[SUPPLIED INFORMATION — start]

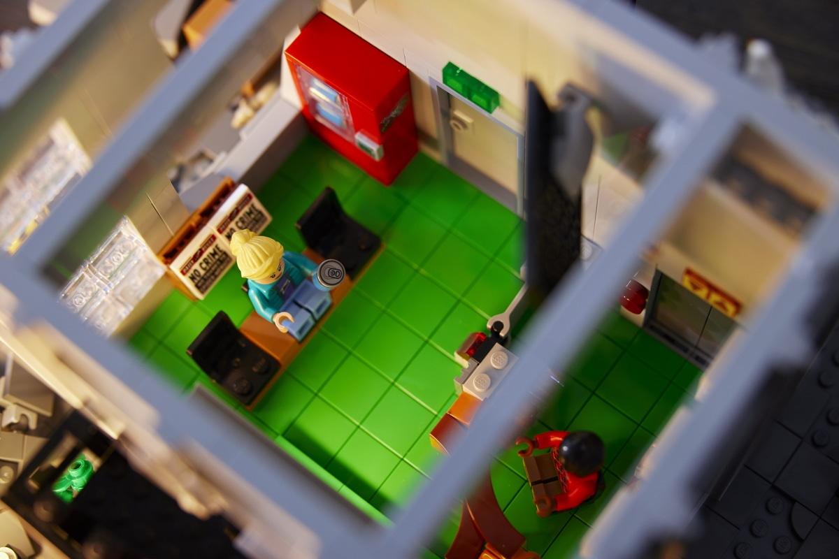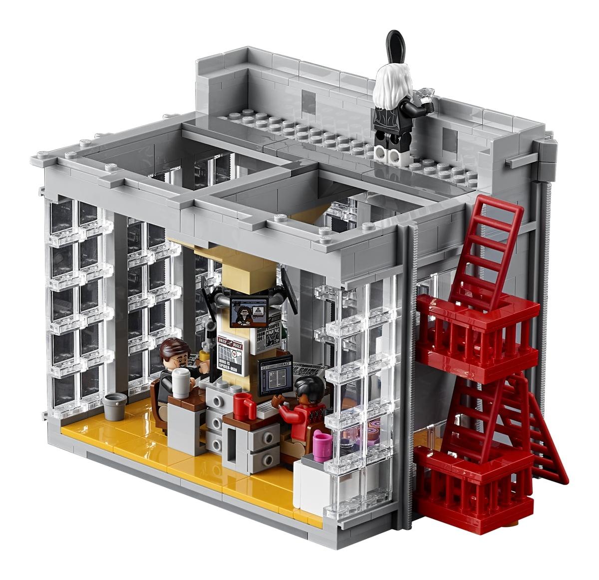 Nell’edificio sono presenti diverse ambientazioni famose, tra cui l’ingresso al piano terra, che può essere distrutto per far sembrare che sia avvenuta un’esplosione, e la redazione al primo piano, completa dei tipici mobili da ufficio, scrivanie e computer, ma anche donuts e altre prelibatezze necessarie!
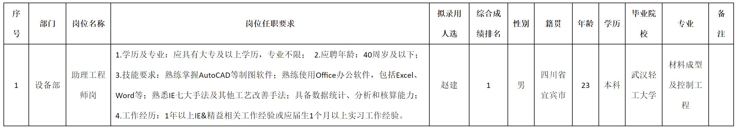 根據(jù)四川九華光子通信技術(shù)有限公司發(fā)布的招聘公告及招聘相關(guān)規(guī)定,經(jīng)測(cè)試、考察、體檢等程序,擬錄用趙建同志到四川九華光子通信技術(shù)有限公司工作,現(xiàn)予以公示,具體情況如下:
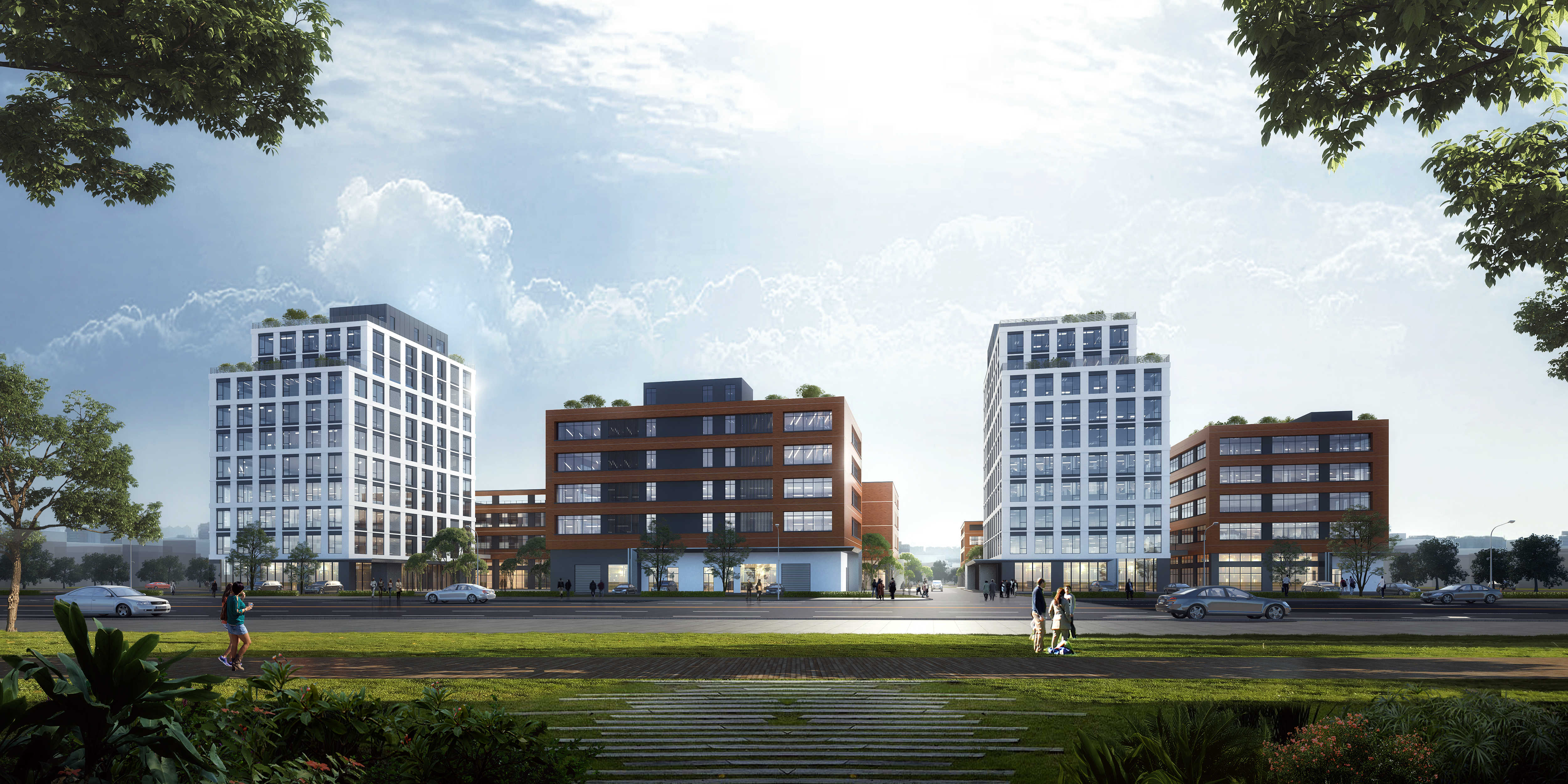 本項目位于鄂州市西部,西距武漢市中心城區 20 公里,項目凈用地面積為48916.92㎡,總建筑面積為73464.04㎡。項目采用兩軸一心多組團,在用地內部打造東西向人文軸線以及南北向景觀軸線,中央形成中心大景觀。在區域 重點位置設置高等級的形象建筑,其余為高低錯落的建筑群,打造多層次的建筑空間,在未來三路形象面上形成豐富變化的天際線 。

[SUPPLIED INFORMATION — finish]

TASK PROMPT: Only the pictures may be dropped when you copy the data above; everything else stays exact.

COMPLETED EXERCISE:
 Nell’edificio sono presenti diverse ambientazioni famose, tra cui l’ingresso al piano terra, che può essere distrutto per far sembrare che sia avvenuta un’esplosione, e la redazione al primo piano, completa dei tipici mobili da ufficio, scrivanie e computer, ma anche donuts e altre prelibatezze necessarie!
 根據(jù)四川九華光子通信技術(shù)有限公司發(fā)布的招聘公告及招聘相關(guān)規(guī)定,經(jīng)測(cè)試、考察、體檢等程序,擬錄用趙建同志到四川九華光子通信技術(shù)有限公司工作,現(xiàn)予以公示,具體情況如下:
 本項目位于鄂州市西部,西距武漢市中心城區 20 公里,項目凈用地面積為48916.92㎡,總建筑面積為73464.04㎡。項目采用兩軸一心多組團,在用地內部打造東西向人文軸線以及南北向景觀軸線,中央形成中心大景觀。在區域 重點位置設置高等級的形象建筑,其余為高低錯落的建筑群,打造多層次的建筑空間,在未來三路形象面上形成豐富變化的天際線 。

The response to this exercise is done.